During the 1970s, Cho Ramasamy, who was the head of the Peoples Union for Civil Liberties (PUCL) in Tamil Nadu, said in an interview: “Without third degree methods, cops can never bring out the truth. The peacock will not shed its feather for mere asking of it.” This statement had shocked many and he was asked to resign from PUCL, which he obliged.
But the debate never ended. Similar is the oft-repeated stories of different encounters. The last but not the least being the death of Ajith Kumar of Tiruppuvanam.
NHRC guidelines
After the killings of Maoists by the Andhra police, many civil rights organisations took the matter to the National Human Rights Commission. The NHRC gave certain guidelines in cases of encounter death by the police. One of them was that if an encounter took place, the police had to prove, in a court of law, that there was clear and present danger of the accused attempting to cause them grievous harm. Else, the policemen would be tried for murder.

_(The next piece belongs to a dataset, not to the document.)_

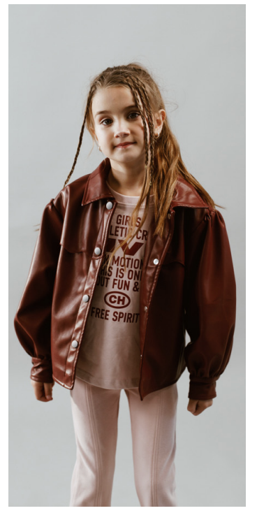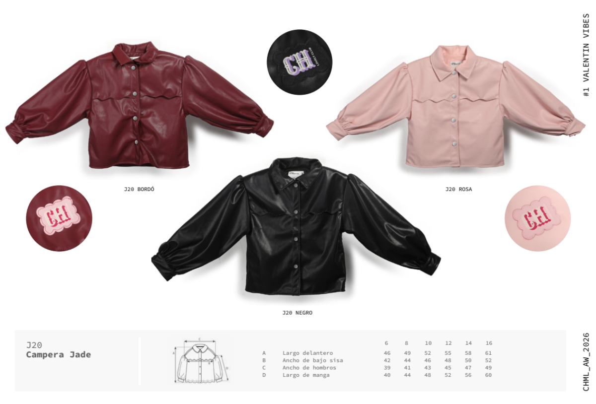 Una campera que eleva cualquier look: símil cuero con un diseño de ondas y mangas bombé que le dan un aire moderno, suave y súper canchero. CARACTERÍSTICAS: Composición: exterior 100% PU, forro 100% poliéster Colores: bordó, rosa y negro Talles del 6 al 16

Despite such directives, no State government in the country volunteered to have a standard protocol for trying cops in encounter cases.
It’s laudable, indeed, that Chief Minister MK Stalin ordered the immediate arrest of the 5 policemen for murder, which may be the first of its kind in the country. It’s a welcome step to literally implementing the NHRC guidelines.
In any event, sensitisation workshops of police officers, which routinely take place, are not sufficient. Such an exercise should start from the lowest guard to the five-starred top cop. What’s more important is the formation of groups from civil society to monitor each police station continuously.
If the fence starts eating into the crops, then what is the use of a fence? The issue is well laid out by a Latin maxim – Quis custodiet ipsos custodes? (Who will guard the guards themselves?).